Segment Open

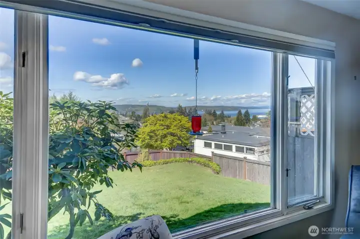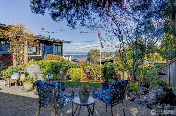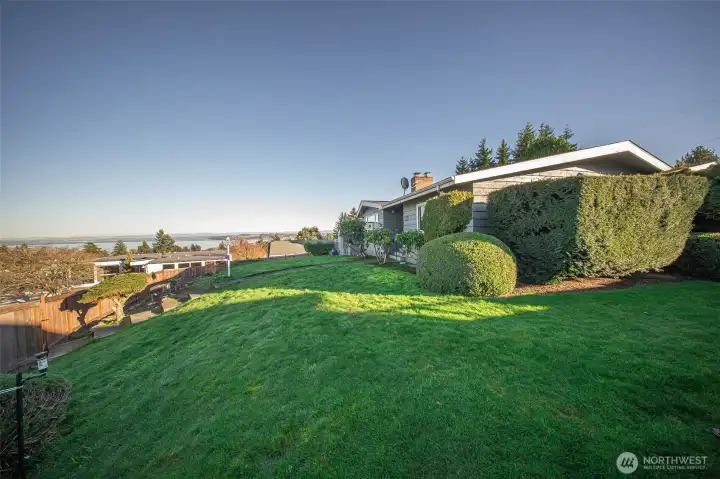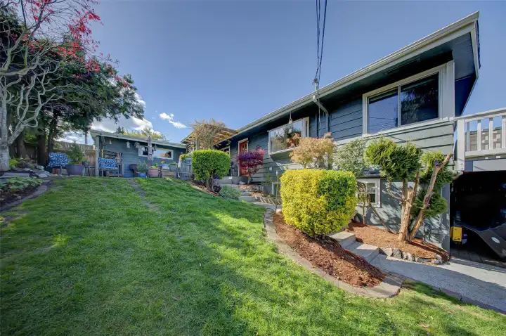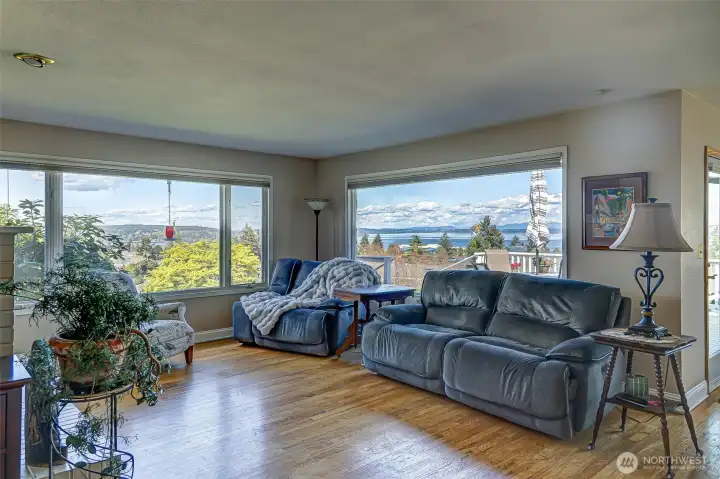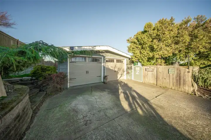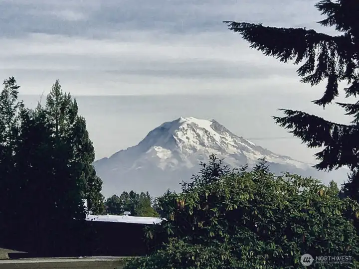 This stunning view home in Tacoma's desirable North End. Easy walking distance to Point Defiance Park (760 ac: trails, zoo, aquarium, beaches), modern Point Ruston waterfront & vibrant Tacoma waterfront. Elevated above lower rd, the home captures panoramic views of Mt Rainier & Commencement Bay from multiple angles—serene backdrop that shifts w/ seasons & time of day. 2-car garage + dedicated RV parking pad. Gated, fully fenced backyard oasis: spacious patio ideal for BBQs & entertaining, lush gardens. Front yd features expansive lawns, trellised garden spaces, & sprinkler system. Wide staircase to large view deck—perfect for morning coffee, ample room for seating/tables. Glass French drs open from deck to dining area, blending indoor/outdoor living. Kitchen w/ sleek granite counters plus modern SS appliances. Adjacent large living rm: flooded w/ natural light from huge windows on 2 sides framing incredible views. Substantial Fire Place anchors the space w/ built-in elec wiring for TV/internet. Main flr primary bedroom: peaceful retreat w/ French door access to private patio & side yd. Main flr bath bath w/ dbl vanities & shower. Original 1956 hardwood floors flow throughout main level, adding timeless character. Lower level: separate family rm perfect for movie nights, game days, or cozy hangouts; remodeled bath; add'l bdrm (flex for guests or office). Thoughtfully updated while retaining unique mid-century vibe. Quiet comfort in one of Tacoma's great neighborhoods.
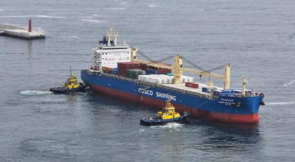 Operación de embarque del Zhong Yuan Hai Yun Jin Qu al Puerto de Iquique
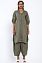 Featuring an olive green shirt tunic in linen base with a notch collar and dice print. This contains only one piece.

Segment Closed
Segment Open

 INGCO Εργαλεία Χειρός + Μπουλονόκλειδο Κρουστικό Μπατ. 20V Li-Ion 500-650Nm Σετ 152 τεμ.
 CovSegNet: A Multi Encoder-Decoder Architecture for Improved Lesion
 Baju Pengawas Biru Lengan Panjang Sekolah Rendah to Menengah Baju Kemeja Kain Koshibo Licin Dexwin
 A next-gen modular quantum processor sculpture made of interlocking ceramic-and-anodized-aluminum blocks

Segment Closed

§ **Try it**
Output exactly the lines of the material above from the one containing "Baju Pengawas Biru" up to and including the one containing "A next-gen modular".

§ **Exercise answer**
 Baju Pengawas Biru Lengan Panjang Sekolah Rendah to Menengah Baju Kemeja Kain Koshibo Licin Dexwin
 A next-gen modular quantum processor sculpture made of interlocking ceramic-and-anodized-aluminum blocks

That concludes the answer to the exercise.